When using `pandas.pivot` to reshape a DataFrame, if the specified `index` and `columns` arguments result in multiple values for a given cell, what happens?
What is a key difference between `stack` and `melt`?
Consider a DataFrame `df` with columns A, B, C, D. What is the result of `pd.melt(df, id_vars=['A'], value_vars=['B', 'C'])`?
By default, the `unstack` method pivots which level of a MultiIndex?
If `unstacking` a level in a DataFrame results in some subgroups not having all the values present in that level, what does pandas introduce into the resulting DataFrame?
Consider the code: `df1 = pd.DataFrame({'key': ['b', 'b', 'a'], 'data1': [0, 1, 2]})` and `df2 = pd.DataFrame({'key': ['a', 'b', 'd'], 'data2': [0, 1, 2]})`. What is the number of rows in the output of `pd.merge(df1, df2, how='left')`?
What is the primary data structure returned by `pd.MultiIndex.from_arrays`?
If `frame` has a hierarchical index on its columns with levels named `state` and `color`, how would you select all columns under the `Ohio` state?
What is the key difference in output between `stack()` and `stack(dropna=False)`?
If a DataFrame `df` has columns `lkey` and `rkey` used for merging with `pd.merge(df3, df4, left_on="lkey", right_on="rkey")`, what happens to the `rkey` column in the output?
What are the three fundamental data combination operations in pandas mentioned at the beginning of Section 8.2?
If `left2` and `right2` are DataFrames with different columns but partially overlapping indexes, what is the result of `left2.join(right2, how="outer")`?
When using `pd.concat`, how can you create a hierarchical index on the concatenation axis to identify the original pieces of data?
Consider the DataFrame `data` created in In [126]. What is the shape of the output of `result = data.stack()`?
If `long_data` is a DataFrame in long format with columns `date`, `item`, and `value`, what does the code `pivoted = long_data.pivot(index="date", columns="item", values="value")` produce?
What is the key difference between the default behavior of `set_index` and `set_index(drop=False)`?
When is it appropriate to use `left_on` and `right_on` arguments in `pandas.merge`?
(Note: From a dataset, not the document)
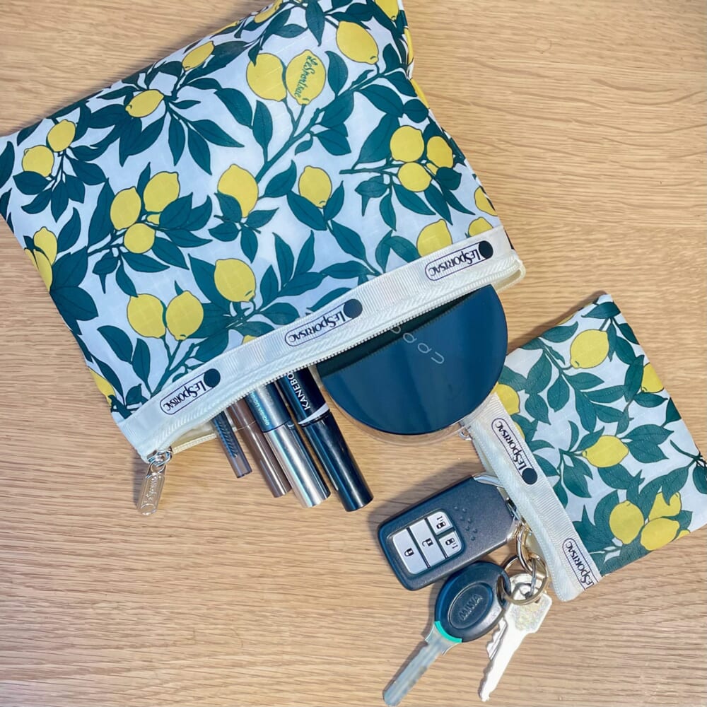レスポートサックのレモン柄ポーチ、早速メイクポーチとキーケースに。【LEE4月号特別付録】

If `left` has `key1`='foo', `key2`='one' with `lval`=1 and `right` has `key1`='foo', `key2`='one' with `rval`=4 and another row with `key1`='foo', `key2`='one' with `rval`=5, what is the number of rows in the output of `pd.merge(left, right, on=["key1", "key2"], how="inner")`?
When merging `left1` on column 'key' and `right1` on its index, what arguments should be passed to `pd.merge`?
Consider the numpy array `arr = np.arange(12).reshape((3, 4))`. What is the shape of the output of `np.concatenate([arr, arr], axis=1)`?
If `s1` is a Series with index ['a', 'b'] and `s4` is a Series with index ['a', 'b', 'f', 'g'], what happens to the 'f' and 'g' labels in the output of `pd.concat([s1, s4], axis="columns", join="inner")`?
You have a list of DataFrames `[df1, df2]` where the row index does not contain relevant data. Which combination of arguments to `pd.concat` will combine them vertically and create a new, continuous integer index?
If `a` and `b` are two Series with overlapping indexes and some null values, how does `a.combine_first(b)` determine the values in the resulting Series?
If `df1` has a value of 1.0 in column 'a' at index 0, and `df2` has a value of 5.0 in column 'a' at index 0, what will be the value in column 'a' at index 0 of the result of `df1.combine_first(df2)`?
When reshaping a DataFrame using `df.unstack(level="state")`, what does the unstacked level become in the resulting DataFrame's structure?
If `long_data.pivot()` is called without the `values` argument, and there are multiple potential value columns, what is the structure of the resulting DataFrame?
When is `pandas.melt` particularly useful without specifying any `id_vars`?
A DataFrame `frame` is created with a hierarchical index with `key1` and `key2`, and columns with `state` and `color`. Given `frame.index.names = ["key1", "key2"]`, how many levels does the row index have?